### [Your goal]
The whole listing below should be retyped exactly, without any images.

### [Data shown]
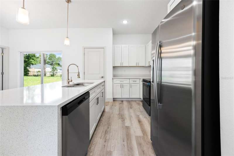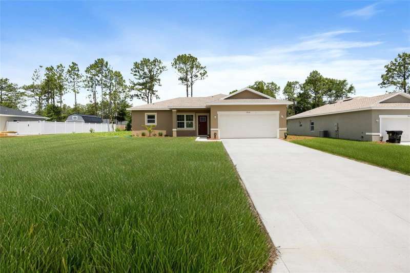 HOME IS COMPLETE AND READY FOR IMMEDIATE MOVE-IN!! Buyer to receive new Blink door and 6 outdoor camera bundle valued up to $500. Seller offering $5,000 for buyer closing costs. Stunning, brand-new construction, spacious 4- bedroom, 2.5-bath home sitting on an oversized lot, offering an open-concept designed with modern living in mind. Enjoy your mornings or unwind in the afternoons on the covered lanai, overlooking a generously sized backyard for outdoor entertaining or even adding a pool. Inside, you'll find elegant finishes, including sleek quartz countertops in the kitchen and bathrooms, beautifully tiled bath and shower areas, and durable hard flooring throughout and no carpet to maintain! All stainless steel appliances are INCLUDED. Don't miss the opportunity to own this stylish and low-maintenance home in a growing community. Whether you’re a first-time buyer, downsizing, or looking for a Florida retreat, this home could be the one! Located in peaceful Citrus Springs with easy access to shopping, nature trails, and the Gulf!
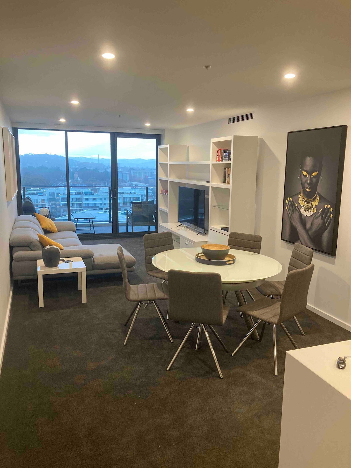 *Book today to unveil the beauty of this lovely apartment :) Key highlight: - One Complementary Secured Parking - Rooftop BBQ area with 180° Mountain View (Building Amenities) - 2 mins walk to Canberra Center - 5 mins walk to Lonsdale St (Place for good restaurants n pubs) - 6 mins drive/17 mins walk to the ANU - 8 mins drive to Canberra airport - 9 mins drive to Mount Ainslie Lookout Our stylish apartment has blackout curtain and quality mattress to comfort your stay.
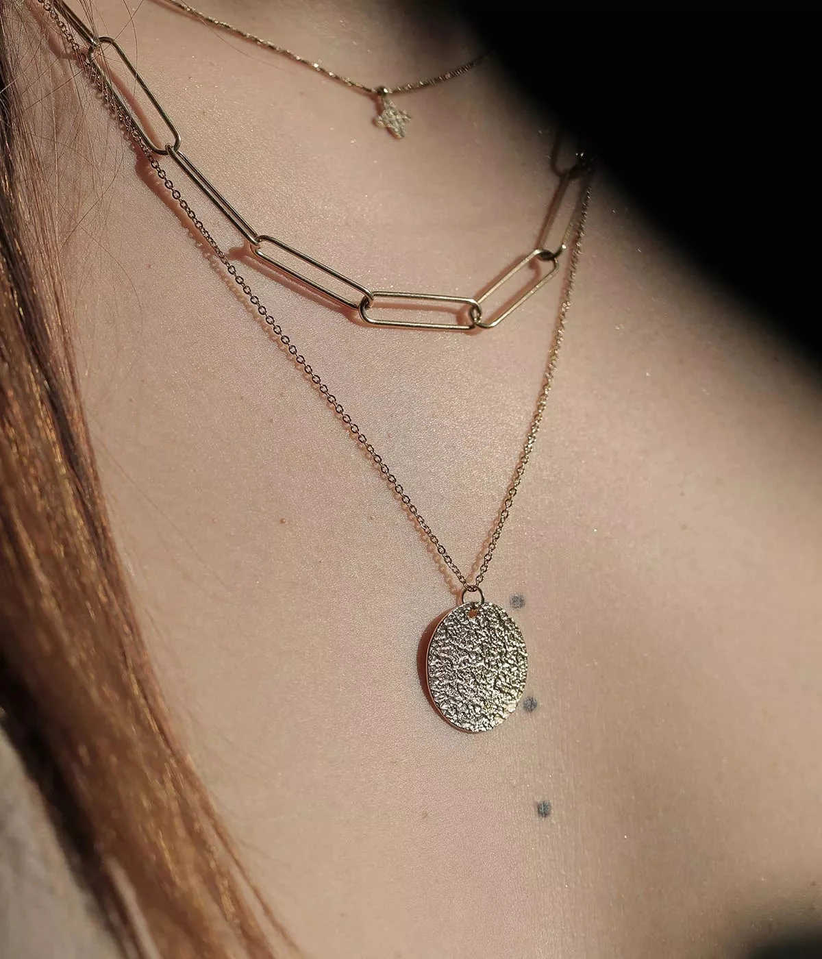 Collier double-chaĂźne en acier uni ou dorĂ© Ă l’or fin. Une premiĂšre chaĂźne Ă gros maillons trĂšs contemporaine est associĂ©e Ă une chaĂźne forçat classique sur laquelle est attachĂ©e une mĂ©daille martelĂ©e.

### [Solved exercise]
 HOME IS COMPLETE AND READY FOR IMMEDIATE MOVE-IN!! Buyer to receive new Blink door and 6 outdoor camera bundle valued up to $500. Seller offering $5,000 for buyer closing costs. Stunning, brand-new construction, spacious 4- bedroom, 2.5-bath home sitting on an oversized lot, offering an open-concept designed with modern living in mind. Enjoy your mornings or unwind in the afternoons on the covered lanai, overlooking a generously sized backyard for outdoor entertaining or even adding a pool. Inside, you'll find elegant finishes, including sleek quartz countertops in the kitchen and bathrooms, beautifully tiled bath and shower areas, and durable hard flooring throughout and no carpet to maintain! All stainless steel appliances are INCLUDED. Don't miss the opportunity to own this stylish and low-maintenance home in a growing community. Whether you’re a first-time buyer, downsizing, or looking for a Florida retreat, this home could be the one! Located in peaceful Citrus Springs with easy access to shopping, nature trails, and the Gulf!
 *Book today to unveil the beauty of this lovely apartment :) Key highlight: - One Complementary Secured Parking - Rooftop BBQ area with 180° Mountain View (Building Amenities) - 2 mins walk to Canberra Center - 5 mins walk to Lonsdale St (Place for good restaurants n pubs) - 6 mins drive/17 mins walk to the ANU - 8 mins drive to Canberra airport - 9 mins drive to Mount Ainslie Lookout Our stylish apartment has blackout curtain and quality mattress to comfort your stay.
 Collier double-chaĂźne en acier uni ou dorĂ© Ă l’or fin. Une premiĂšre chaĂźne Ă gros maillons trĂšs contemporaine est associĂ©e Ă une chaĂźne forçat classique sur laquelle est attachĂ©e une mĂ©daille martelĂ©e.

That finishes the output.